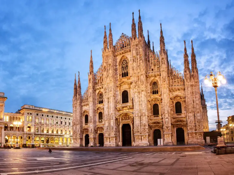 La Catedral de Milán está ubicada en el corazón de la Piazza del Duomo y se erige como el ejemplo más importante de arquitectura gótica en toda Italia. Mark Twain puede haberlo descrito mejor cuando escribió en su clásico de 1869 The Innocents Abroad : "Un mundo muy sólido y, sin embargo, parece a la suave luz de la luna solo una ilusión mágica de escarcha que podría desaparecer con un suspiro". Gran parte de su atractivo reside en el exterior, con las 3.400 estatuas con detalles intrincados y las 135 elegantes agujas que adornan la estructura, pero las ventanas de esta iglesia de mármol son especialmente impresionantes, ya que cuentan historias bíblicas y religiosas. No se debe perder las escaleras para acceder a las terrazas de la azotea, ya que estará rodeado por las torres de mármol y podrá ver todo el camino hasta los picos de los Alpes.
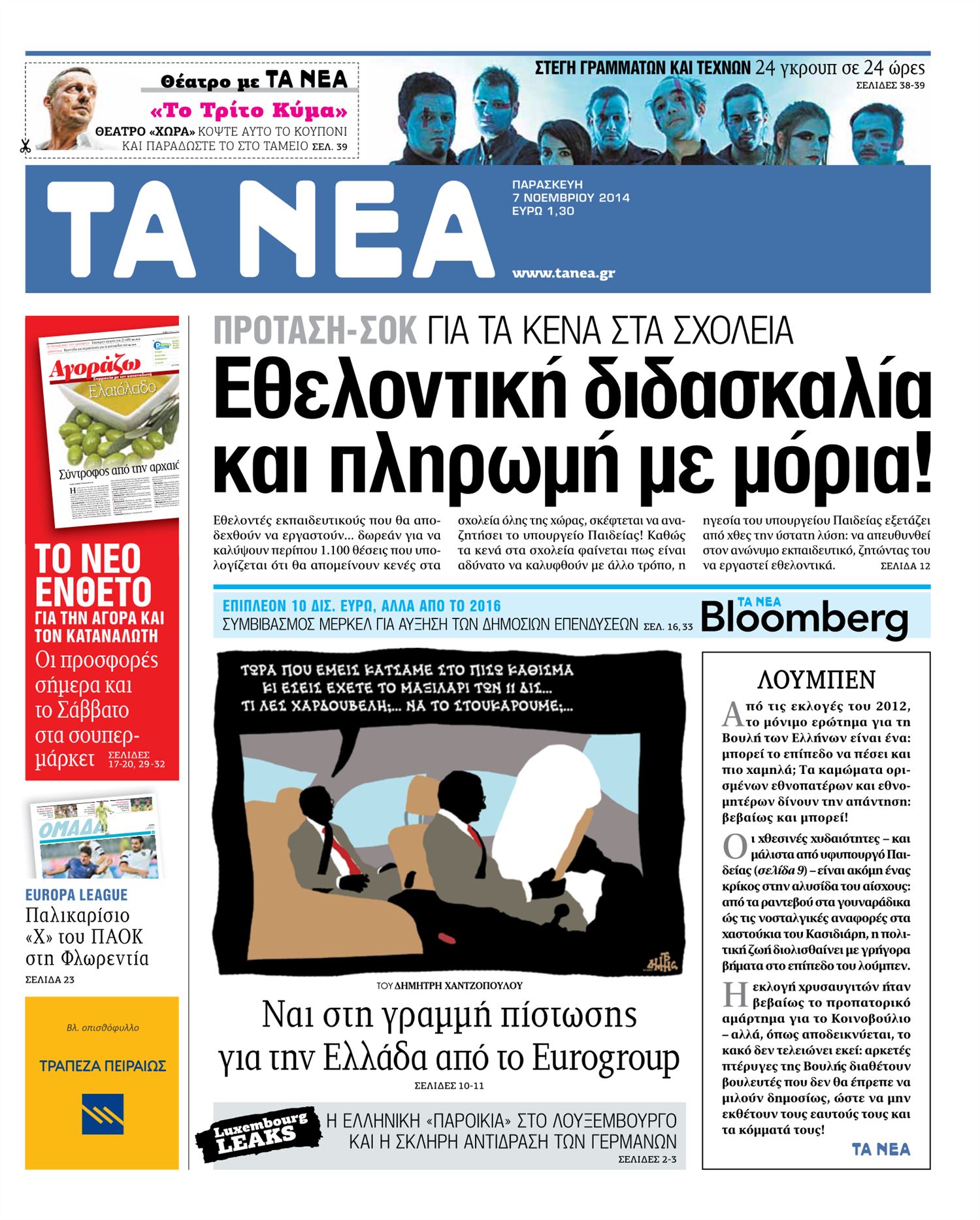 Το πρωτοσέλιδο της ημέρας 7/11/2014
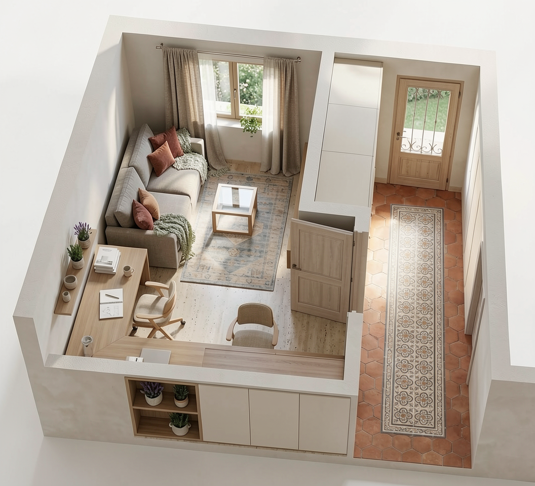 a modern bathroom design white travertine flooring complements a light walnut vanity with full length walnut pulls the fixtures are stainless steel and the faucet is graphite or luxe steel the mirror reflects the smooth flat panel white door there is no natural light in the room so it s more moody

☆ ☆ ☆ ☆ ☆ ☆ ☆

» EXERCISE BRIEF: Ignoring the pictures, write out word for word only the lines from the one containing "Το πρωτοσέλιδο της ημέρας 7/11/2014" through the last line of the data, both ends included.

» RESPONSE FOR THIS EXERCISE:
 Το πρωτοσέλιδο της ημέρας 7/11/2014
 a modern bathroom design white travertine flooring complements a light walnut vanity with full length walnut pulls the fixtures are stainless steel and the faucet is graphite or luxe steel the mirror reflects the smooth flat panel white door there is no natural light in the room so it s more moody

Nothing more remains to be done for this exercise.